I tried to sleep last night, but couldn't. I ended up downstairs, on the sofa, crying, at three o' clock on the morning. Until I remembered that she will likely never cry again. At least not in the vocal sense. Because of so many unsuccessful attempts at removing the breathing tube, and then having to reinsert it, her vocal cords have been severely damaged. There is a very real possibility that she may not ever gain the ability to speak. As it now stands, she can no longer orally express any sound. That alone just crushes me. When Number Five was born, she was our little Paul Revere. She cried, and cried, and cried. Colic, for the first three months of her life. We wore out tracks in the living room carpet from continuously pacing the floor with her perched on our shoulders, doing whatever it took to help her be calm. We actually bitched about that. We complained that she wouldn't stop. That all we wanted was one night of peace and quiet. And now, we have Little Bird, who can't and may never be able to verbally drive us crazy. I would give anything for her to be able to do that. Anything, for her to be able to wail at the top of her lungs in the middle of a crowded grocery store one day. Anything, for her to become a teenager and tell me off while stomping up the stairs. Anything, for her to lie to me and say that she did do her homework, or argue that her curfew isn't late enough. Because I can't stop thinking about everything, every single aspect of her life that this is going to affect. How do I erase from my mind the knowing that I have only ever heard that precious sound twice, and I may never hear it again?

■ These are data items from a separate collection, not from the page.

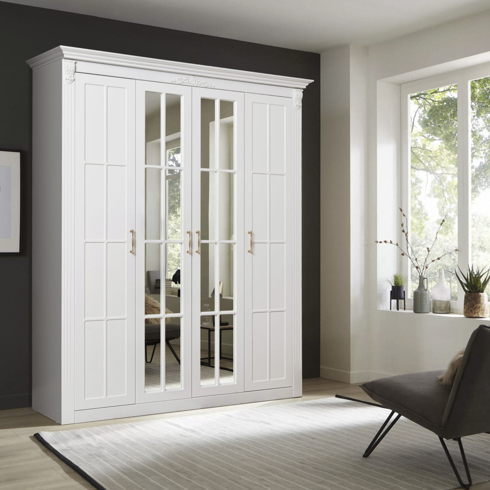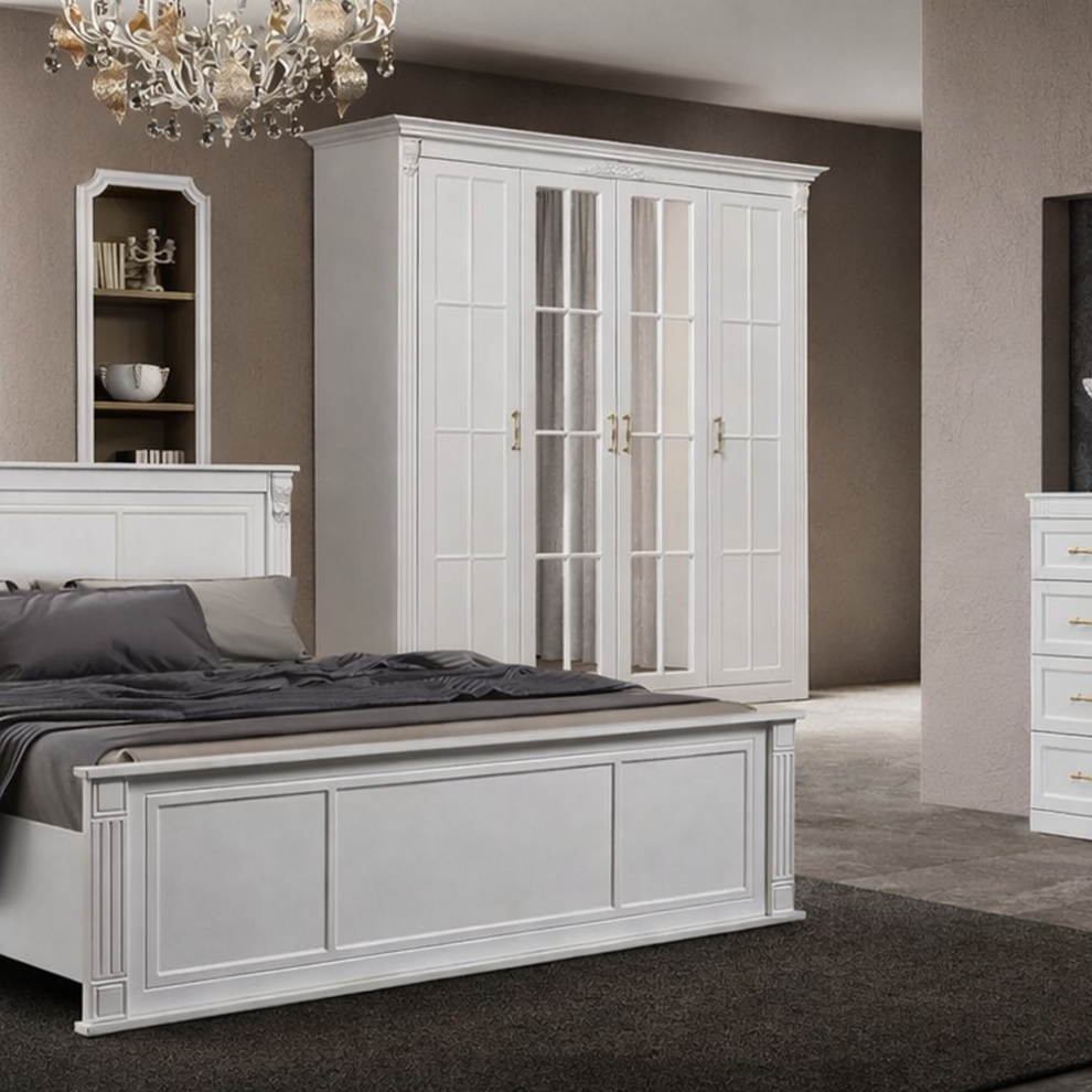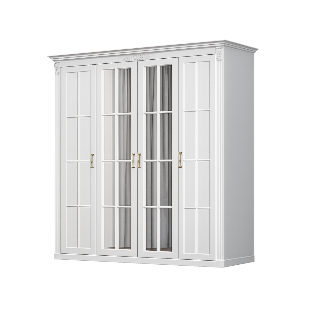 Шкаф «Александрия Люкс» — изысканная модель в классическом стиле с акцентом на элегантность и свет. Белоснежный корпус с декоративным карнизом, стеклянные фасады с раскладкой и благородная золотая фурнитура придают шкафу утончённый и статусный вид. Вместительная конструкция обеспечивает удобное хранение одежды, а светлый дизайн визуально облегчает интерьер и наполняет пространство воздушностью.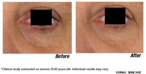 What it is: Go beyond stopping the clock - reverse it and recapture a more youthful appearance with this multi-tasking eye gel designed to lift the eye area, reduce the appearance of wrinkles, fights dark circles and provides eye bags treatment by targeting fatty deposits under the skin, crows feet and puffy eyes. This eye gel is formulated with Vernal's AT5 renewal complex to help promote skin's natural renewal and protection processes while a patented antioxidant repair complex helps provide powerful antioxidant protection.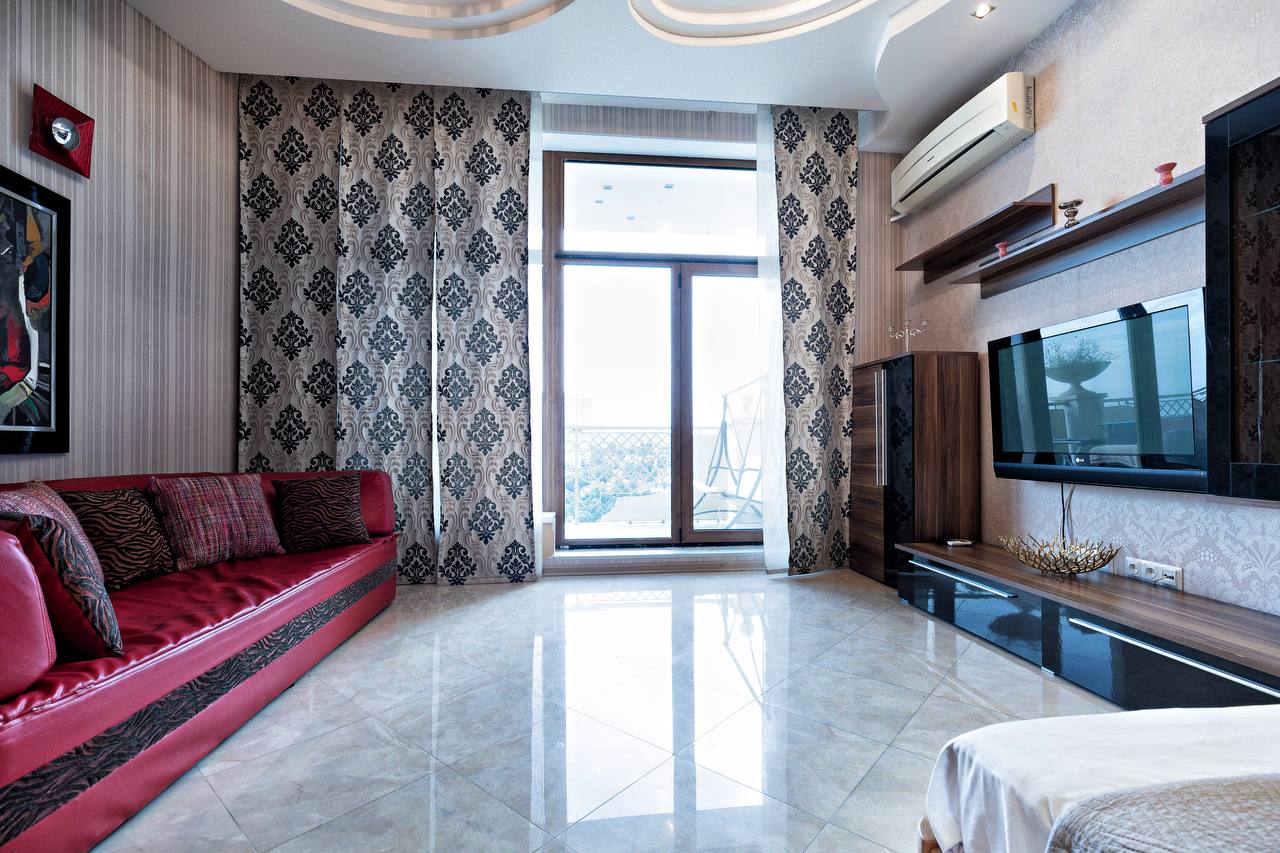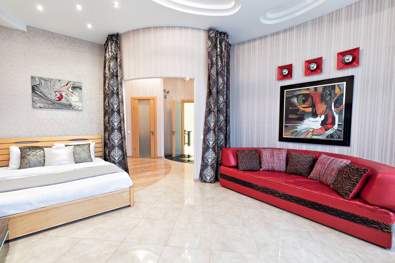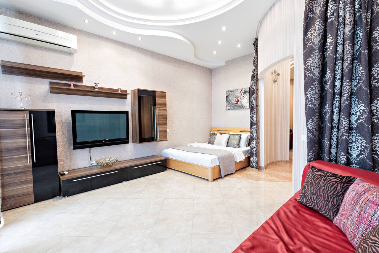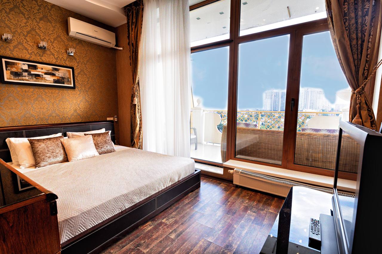 Комфортабельные апартаменты с двумя спальнями, стильный дизайн, отличный ремонт из современных материалов, евроуровень, интересная планировка. Апартаменты очень просторные, где много воздуха и света. Необычное оформление отдельных двух спален с двуспальными кроватями, единое студийное пространство гостиной, где есть удобный диван, раскладывающийся в двуспальное место.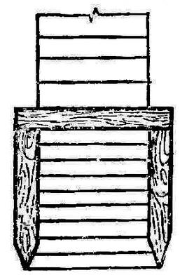 Дно колодца можно также образовать слоем гравия или щебня. Наращивание сруба сверху Даже для глубоких колодцев вырыть шахту полностью или хотя бы довести ее до глубины 7-8 м не просто. Операцию приходится разбивать на несколько этапов. Если грунт осыпается, стенки временно укрепляют досками, дно тщательно выравнивают. В шахту опускают первый венец, на него кладут второй, затем третий и так далее согласно меткам, пока сруб не поднимется на три-пять венцов над уровнем земли. При укладке венцов их припасовывают, ударяя по деревянной подкладке деревянным молотком-барсиком массой не менее 5 кг. Чтобы конструкция не расшаталась при перемещении, с внутренней стороны сруба по центру каждой из сторон прибивают толстые доски (с шагом в три венца). Подпирая поочередно одним или двумя чурбачками нижние венцы и подбивая клинья, под серединой каждой стенки выбирают грунт на глубину 20- 30 см. Затем подрывают грунт в углах. Выемку надо выполнять так, чтобы в центре образовалась ямка - сюда будет сползать выдавливаемый стенками грунт, потечет вода. Теперь поочередно вынимают клинья и подкладки - сруб плавно и равномерно опустится. Так ставят венцы на всю глубину колодца. По мере опускания сруба грунт поднимают со дна в ведре или бадьей. Для облегчения работы над шахтой помещают прочные стойки с перекладиной, на ней подвешивают блок, устраивают ворот или журавль; пользуясь ими, помощник поднимает землю. Работающий внизу при этом должен Для безопасности стать в один из углов с противоположной от груза стороны.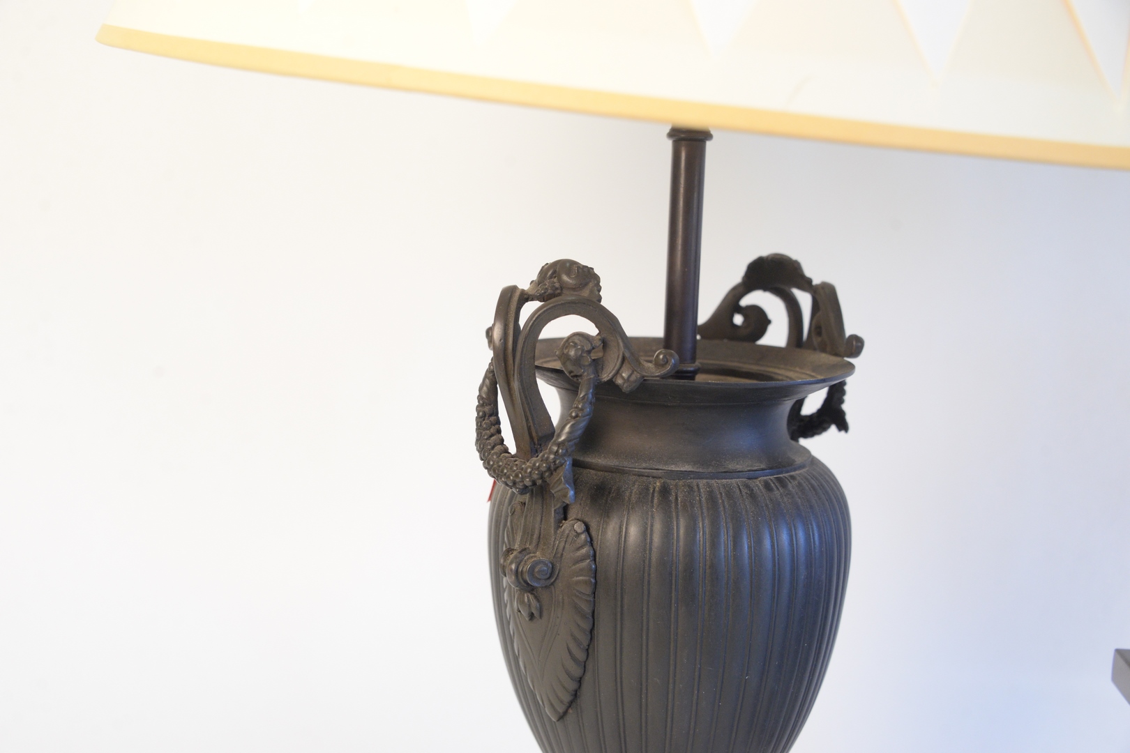 Lot 133: Three Piece Group, to include a pair of bronze urns with wreath handles, made into table lamps, height 12 1/2 inches along with a r…

This is exactly what we've been trying to avoid for the past I don't even know how many weeks. This eventuality. This outcome. I never thought I would ever second guess my decision to decline medication that may or may not have prevented all of this. Since the day after she was born, I've made a conscious effort to continuously remind myself of the positives. At least she made it thru the first twenty four hours. At least the brain bleed is gone. At least she's gaining weight. At least I got to touch her. I'm not ungrateful. And we knew she would almost definitely come home with something. Some sort of fall out. But for crying out fucking loud. WHY THIS? What the fuck did she ever do to anyone to deserve a lifetime of this? I'm probably going to offend, well...just about everyone when I say this. But God really needs to get his priorities straight. Take away the voice of someone who maliciously used it to hurt others. But not hers. Maybe I'm selfish, but I don't just want her to be okay. I want her to have the best quality of life that she possibly can. She deserves nothing less than that.
MFH and I have spent hour over hour discussing so much. The one constant question that keeps popping up between us is how are we going to do this? How is this going to happen? I don't doubt our ability to learn what we need to learn. We're already doing everything in our power to prepare our family as best we can for all of the changes that are coming. But I would be a liar if I said I trusted myself with her life. The risk is everything. There is no margin for error. And the equipment she requires might come with a manual, but it doesn't come with any guarantees.